Lettre d’un DEMSiste à son ami qui renonce…

5 avril 2018

Lettre d’un DEMS-iste à son ami qui renonce

Il y a dans la vie chez certains d’entre nous des moments voués à la réflexion et à l’analyse intéressée où la primauté du soi et le désire de se réaliser tendent à privilégier l’intérêt personnel et immédiat quelles qu’en soient les conséquences et les voies de traverses qu’il faut emprunter pour l’atteindre, et puis il y a d’autres moments plus rares mais plus décisifs et plus précieux dans la définition du caractère d’une personne et dans l’articulation de son nom avec les lettres de la dignité, où l’attitude qu’elle se choisit pour draper son honneur et sa conscience doit avoir pour seul souci celui de ne pas trahir le sens de l’histoire lorsqu’il se tourne résolument vers la réalisation du bien commun. Et quel bien commun plus noble que celui de lutter pour une meilleur organisation de la santé dans notre pays.

Nous étions quinze mille au départ, main dans la main, l’esprit gonflé de fierté et le regard tourné au loin pour accomplir le destin de toute une génération d’exception, nous savons désormais que nous ne serons pas tous réunis à l’arrivée, abandonnés par quelques-uns au souffle trop court et à l’engagement trop léger et qui ont préféré renoncer à la hauteur de convictions pour lesquelles ils étaient trop petits. Pire que l’indifférent qui n’adhéra jamais à notre mouvement, pire encore que celui qui y adhéra aigrefin pour y semer la division et la mésentente, pire que celui qui s’employa stipendié aux services d’officines obscures à délégitimer notre cause et à décourager notre action, pire qu’eux tous celui qui bat en retraite alors que les turpitudes font rage et les menées plus virulentes que jamais. Celui-là dont la décision est de renoncer aujourd’hui dit de nous ce que nous sommes, des médecins résidents qui se dressent contre la médiocrité pour défendre un idéal, mais celui-là plus encore dit de lui-même ce qu’il est vraiment, un parjure qui aura toute l’éternité pour regretter de n’avoir jamais rien bousculé des injustices de ce monde.

Nous serons certes quelques-uns en moins à franchir le Rubicon de notre lutte, mais nous serons tout de même encore nombreux au rendez-vous du destin, fiers du chemin parcouru et satisfaits -quelle qu’en soit l’issue- comme seuls peuvent l’être en ce monde ceux qui n’ont rien à vendre aux courtiers en déshonneur, et qui en luttant pour eux-mêmes luttent d’abord et avant tout pour le bénéficie de tous, patients et soignants.

Nous n’oublierons rien des sacrifices de ceux qui ont donné de leur temps, de leur courage, de leur argent, de leur sang pour tenter à leur corps défendant de rehausser la valeur d’une blouse immaculée que nombreux ont voulu souiller de leurs lâchetés et de leurs compromissions.
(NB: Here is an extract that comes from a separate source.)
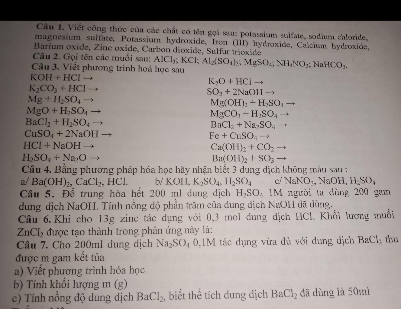 Câu 1. Viết công thức của các chất có tên gọi sau: potassium sulfate, sodium chloride,
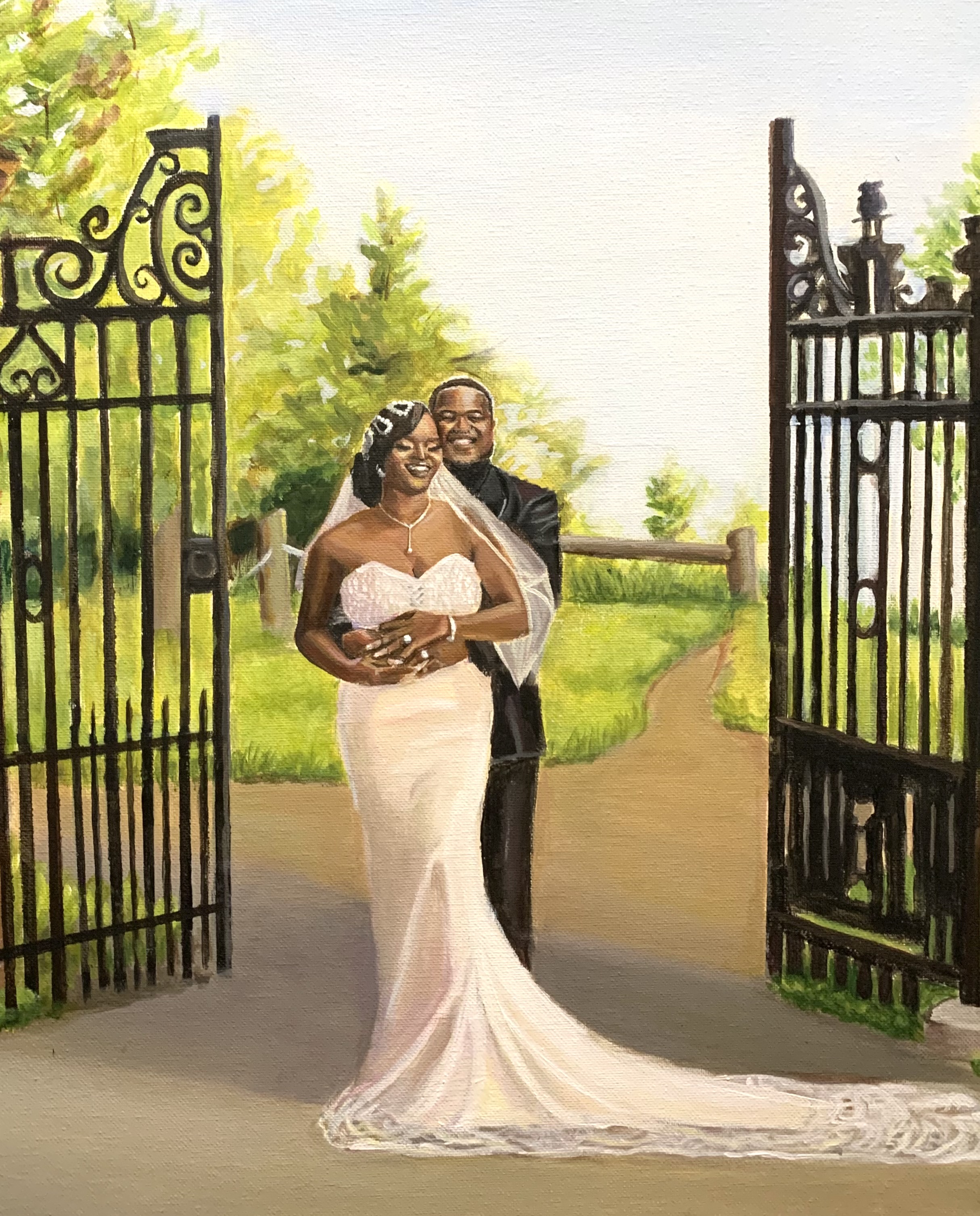Each painting is designed to honour the unique beauty of your special day, whether it’s your wedding, grand opening or a milestone celebration. My style with live paintings is realistic portraiture. Live painting creates entertainment for your guests and a timeless heirloom.

Nous n’oublierons rien de la vaillance de ceux qui ont tu leurs doutes et qui n’ont pas cédé à la peur et aux affres de la confusion face à l’incertitude et aux discours corrompus des promoteurs de défaite. Nous n’oublierons rien de ceux qui des mois durant, dans l’adversité, sous les coups et les mots blessants, ont tenu les lignes malmenées d’un front demeuré uni, et qui ont malgré le mépris et l’indifférence, les outrages et les violences, les mensonges et les malveillances, les privations et l’indigence, les mise en demeure et les ordonnances, ont enraciné pour toujours et par l’exemple, dans le fond et dans la forme, les valeurs d’un esprit nouveau qui n’acceptera plus de se soumettre à la démagogie et à l’autoritarisme du tout-venant.

Et si nous n’oublierons rien de ceux-là, nous nous souviendrons longtemps encore de ceux qui au cœur de la confrontation ont préféré le confort d’un renoncement facile aux épines de la fidélité à l’engagement. Leur choix assumé n’est une décision, mais il s’agit en vérité d’une authentique désertion au moment crucial où leurs camarades sont pris sous le feu et alors qu’ils ont besoin plus que jamais du déploiement de leur fraternelle solidarité.

Qu’importe, au bout de ce chemin combien même il n’y aurait rien pour âmes de bonne volonté, il y aurait encore de l’honneur, et c’est déjà beaucoup.